Vectorized the griddata_v4 function in src/eegprep/functions/sigprocfunc/topoplot.py.

🎯 Why:

The previous implementation used a double-nested Python loop to evaluate the biharmonic spline at each query point on the grid. This is a classic NumPy anti-pattern that causes significant overhead for high-resolution topographic maps.

📊 Impact:

  • Speedup: ~5.3x faster for a standard 67x67 grid.
  • Baseline: 0.0694s
  • Optimized: 0.0132s
  • Memory: Introduces a small intermediate 3D array (grid x grid x channels), which is negligible for typical EEG data sizes (e.g., < 20MB for 128x128 grid and 128 channels).

🔬 Measurement:

Verified using a temporary benchmark script tools/benchmark_topoplot.py that measures the execution time of griddata_v4 on a 67x67 grid with 128 channels.
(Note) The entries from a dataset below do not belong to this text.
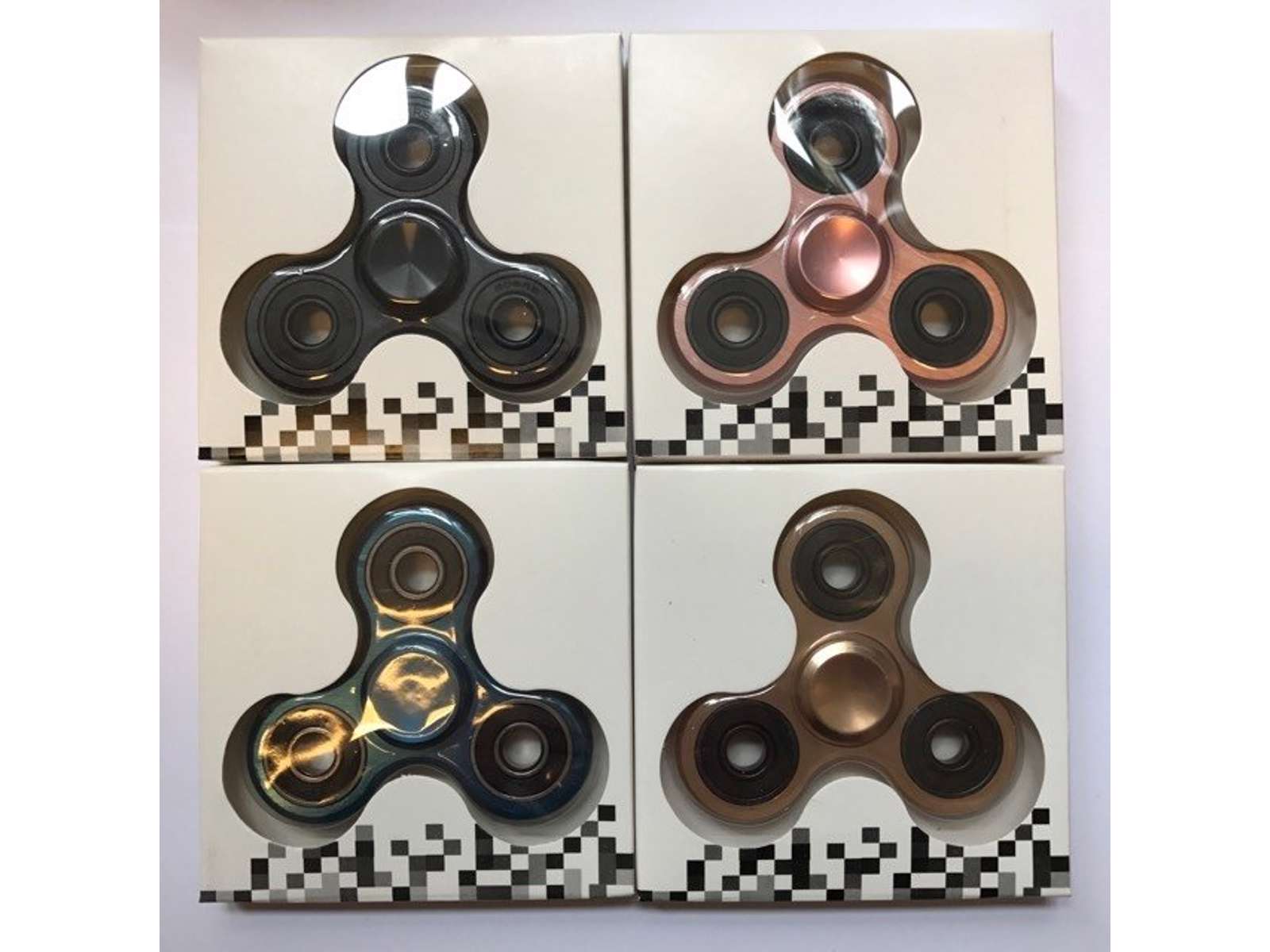 Sej spinner i metal med metal kuglelejer. Vores spinners måler 8x8x0,5 cm og kommer i flere forskellige farver. Det er ikke muligt at vælge farve online.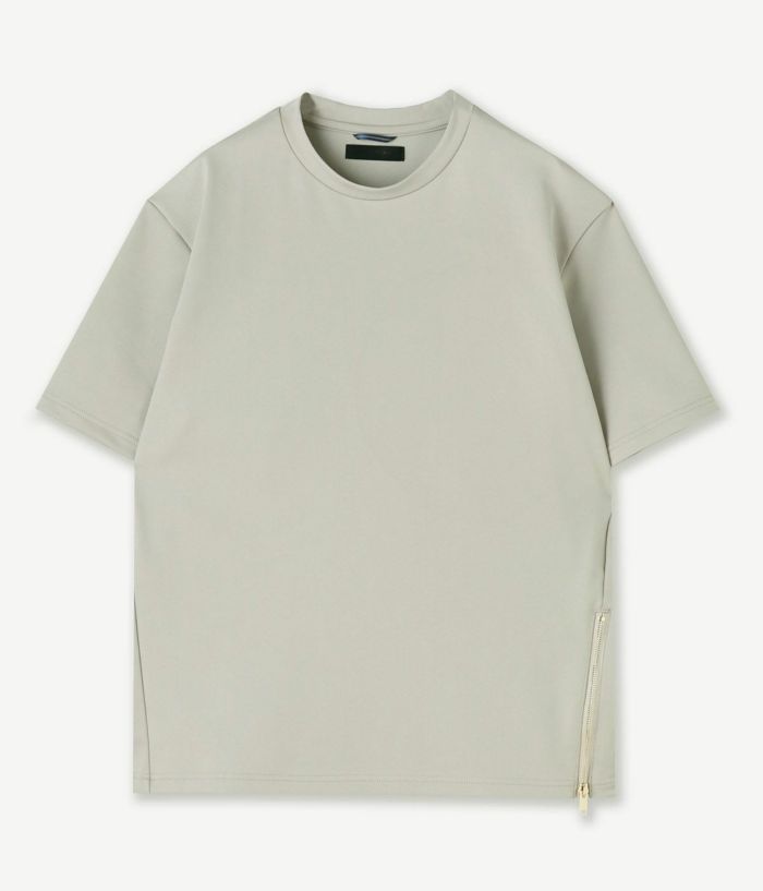 肩幅を広めに取った設計で、自然に肩が落ちるリラックス感のあるシルエットに。小顔効果も期待できるデザインです。ネックラインは柔らかな丸みを持たせたクルーネックで、首元に優しくフィット。左裾には、イタリアのRACCAGNI社製ジップをアクセントとして配置し、シンプルな中に個性が光る仕上がりに。
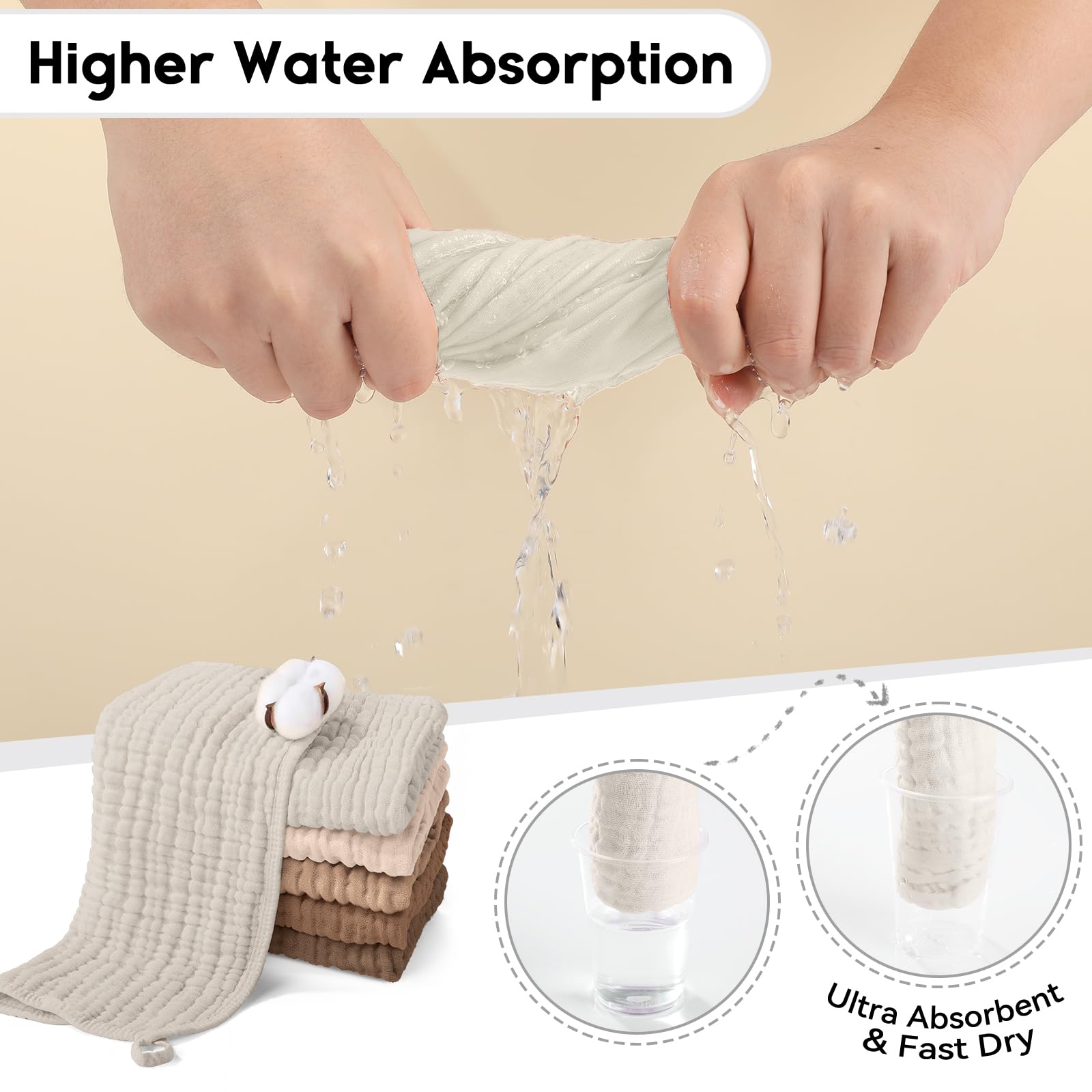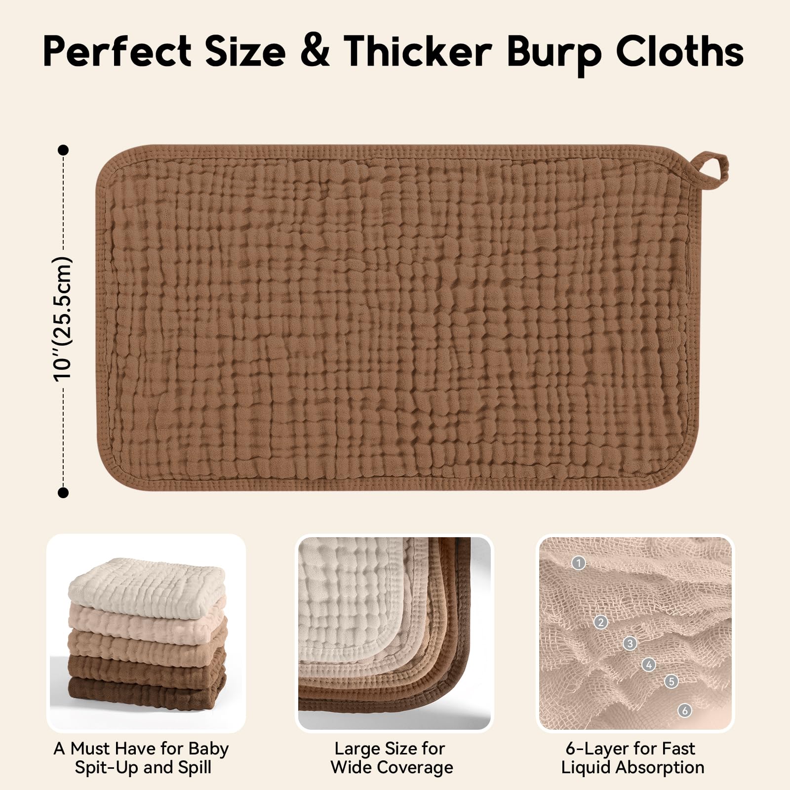 Excellent Absorbent: Featuring 6 layers of absorbent muslin and fluffy structure design, our burping cloths for babies provide maximum absorption with tendor touch, works well to protect your teething baby from all dribble and spit ups soaking their clothes. Large 20''X10'' size provides maximum coverage and extra layering adds durability, making them ideal for use in any season.

Correctness was verified by running tests/test_topoplot.py.


PR created automatically by Jules for task 14043069869634748481 started by @suraj-ranganath

Vectorized the biharmonic spline evaluation in topoplot.py by replacing
the double-nested loop with NumPy broadcasting and matrix multiplication.
This results in a ~5.3x speedup for a standard 67x67 topographic grid.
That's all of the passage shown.